The north trend noted in forecast discussion:
Perhaps the most notable and significant feature affecting the
upcoming system is a compact shortwave diving southeast from the
Hudson Bay vicinity. This shortwave is rotating around a larger
cyclonic gyre centered over southeastern Canada near 60 W. This
upper pattern has acted to enhance confluence over northern New
England southward toward the Mid-Atlantic, which is resulting
in the more west to east low track out to sea to our south.
However, this shortwave feature to the north has appeared to
deepen a bit more than forecast over the last 12-24 hours,
resulting in subsequent subtle downstream height rises. It`s
not much, but it appears it may be just enough to weaken the
confluence near and to our north a touch, allowing a northward
shift in the tight northern edge of the snowfall from low
pressure passing to our south.
As such, 12z guidance has unanimously shifted northward.
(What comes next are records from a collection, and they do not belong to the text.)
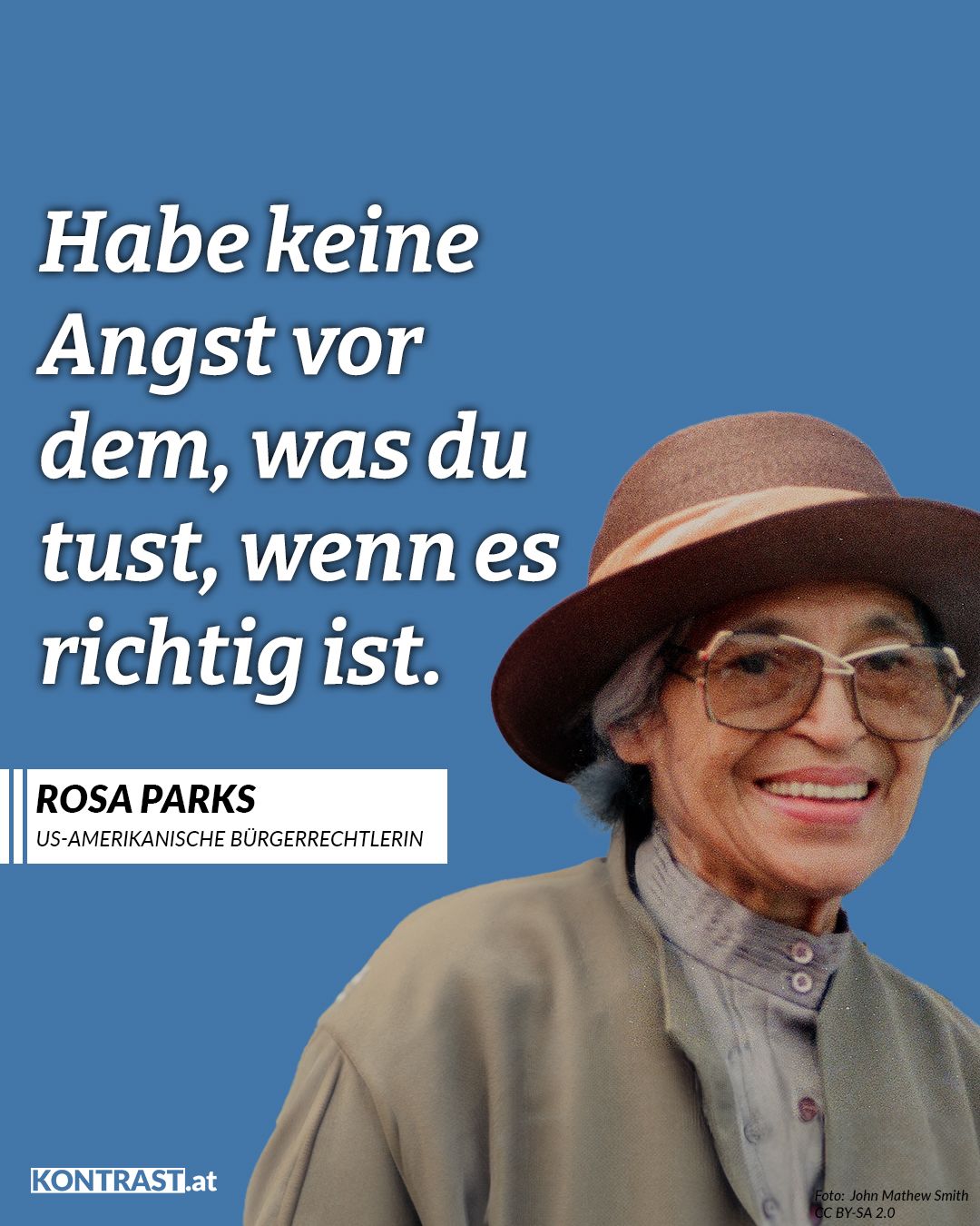 Am 1. Dezember 1955 weigerte sie sich, ihren Sitzplatz in einem Bus für einen weißen Fahrgast zu räumen. Ihr Handeln inspirierte die afro-amerikanische Bürgerrechtsbewegung zum Bus-Boykott von Montgomery und war der Beginn des Endes der Rassentrennung in den Vereinigten Staaten. Zitat: Habe keine Angst vor dem, was du tust, wenn es richtig ist. Rosa Parks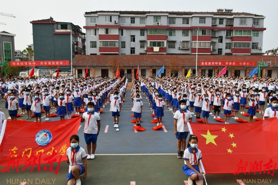 湖南日报·新湖南客户端9月30日讯(通讯员 谭亚平 杨登海)金色九月,丹桂飘香,各族人民心连心,同心共筑中国梦。9月28日,东门口小学在学校操场隆重集会,开展以“团结拼搏向未来 铸牢中华民族共同体意识”为主题的喜迎二十大暨民族团结进步创建宣传月活动启动仪式,全体教师及三至六年级学生共1500余人参加。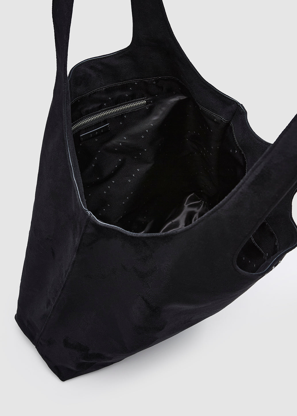 A tall black tote bag designed perfectly for everyday functionality. Made from lightweight polyester, it is durable and easy to maintain. The design emphasizes minimalism with a small logo, allowing it to complement a variety of styles.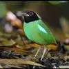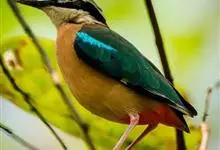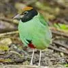 绿胸八色鸫:是雀形目八色鸫科的鸟类,共有12个亚种。体长为16-18厘米,体重65-69克。体型圆胖,尾短,腿长。头黑,上体绿色,两翼深色而具白色斑纹,头顶至后枕深褐,胸及腹部苹果绿,臀亮红。…全部>>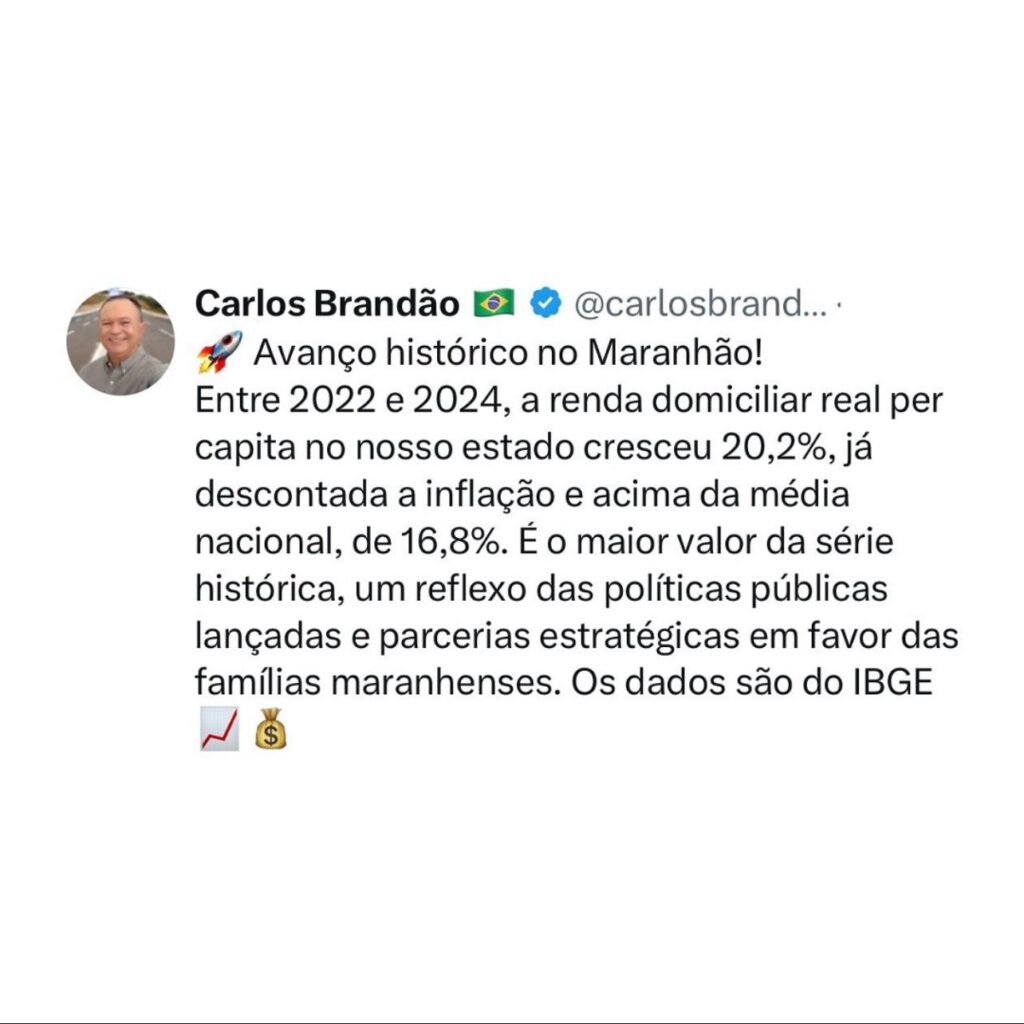Nas redes sociais, o governador Carlos Brandão destacou o resultado como reflexo das políticas públicas e parcerias em favor das famílias maranhenses.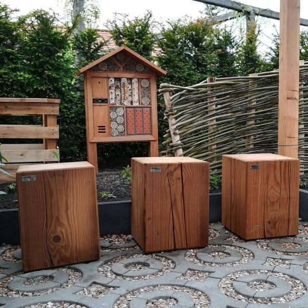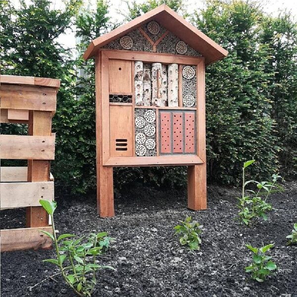 Dit insectenhotel kan op verschillende manieren geplaatst worden, in de grond of op een groen/plat dak.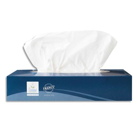Boite distributrice de 100 mouchoirs blanc, pure ouate de cellulose, 2 plis. Format : 19,7 x 20 cm.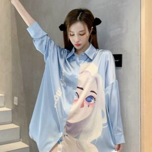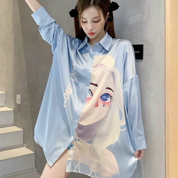 Đầm ngủ sơ mi lụa cao cấp họa tiết cô gái cá tính năng động mang đến cho bạn sự thoải mái tự tin khi mặc. Màu: xanh, hồng.

Mean
QPF from model output has risen to nearly an inch at the
southern most reaches of our CWA (southern Nelson County), and
just under a half inch near CHO. The northern edge of
accumulating snow remains a challenge, but there is a non-
zero/increasing chance for flurries or a light coating of snow
as far north as I-66/US-50, in line with the northern edge of a
baroclinic leaf developing upstream on satellite (marking the
northern edge of stronger synoptic upward motion).